General characteristics
- Class & type: 50-gun fourth-rate ship of the line
- Tons burthen: 621
- Length: 102 ft (31 m) (keel)
- Beam: 33 ft 10 in (10.31 m)
- Depth of hold: 14 ft 6 in (4.42 m)
- Sail plan: Full-rigged ship
- Armament: nominally 50 guns; actually carried 48 guns comprising 20 × 24-pounders, 2 culverins, 22 demi-culverins and 4 sakers

= HMS Saint Patrick =

Ship of the line of the Royal Navy

HMS Saint Patrick was a 50-gun fourth-rate ship of the line of the English Royal Navy. In 1665, during the Second Anglo-Dutch War, the Navy Committee of Parliament adopted a supplement to their 1664 Programme which provided for one third rate (Warspite) and three fourth rates. The King's chronic financial worries led to the cancellation of the contracts for two of the fourth rates, but the remaining vessel, awarded to Bristol shipbuilder Francis Bayley, was completed in barely a year at the contract price of £6 per ton, measuring slightly larger than her contract dimensions of 100 ft keel length and 32 ft 6 in breadth.
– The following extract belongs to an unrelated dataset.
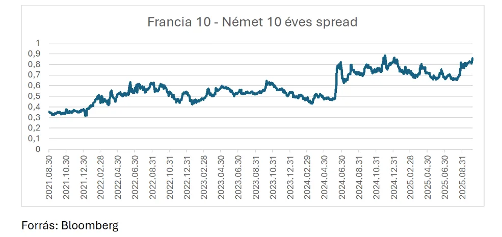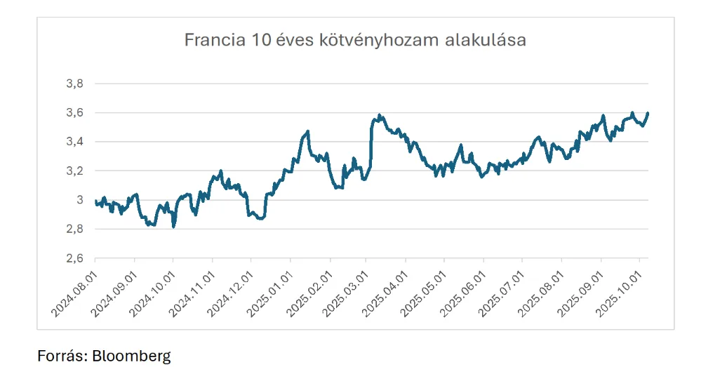 Október 13-án a tízéves francia állampapír hozama 3,47 százalék körül alakult, a tízéves német kötvényé pedig 2,63 százalék volt. A kettő közötti hozamkülönbség így mintegy 84 bázispont. Az olasz tízéves hozam gyakorlatilag megegyezett a franciával, körülbelül 3,48 százalékkal. Az elmúlt hetekben több alkalommal is eltűnt a francia felár Olaszországhoz képest, sőt volt, amikor a francia hozam magasabbra emelkedett. A múlt héten a német–francia különbség 88–90 bázispont közelébe tágult.

Launched in May 1666 at Bristol, the ship proved an outstanding success as a fast, weatherly sailing warship.

Commissioned a month after her launch under Captain Robert Saunders, the Saint Patrick joined Sir Robert Robinson's squadron on Christmas Day 1666. However, less than nine months after being launched, she was captured off the North Foreland on 5 February 1667 by the Dutch 34-gun Delft and 28-gun Shakerlo, after a battle which left Saunders and 8 of his crew dead and another 16 wounded. She was commissioned by the Dutch States Navy later in 1667 as the Zwanenburg.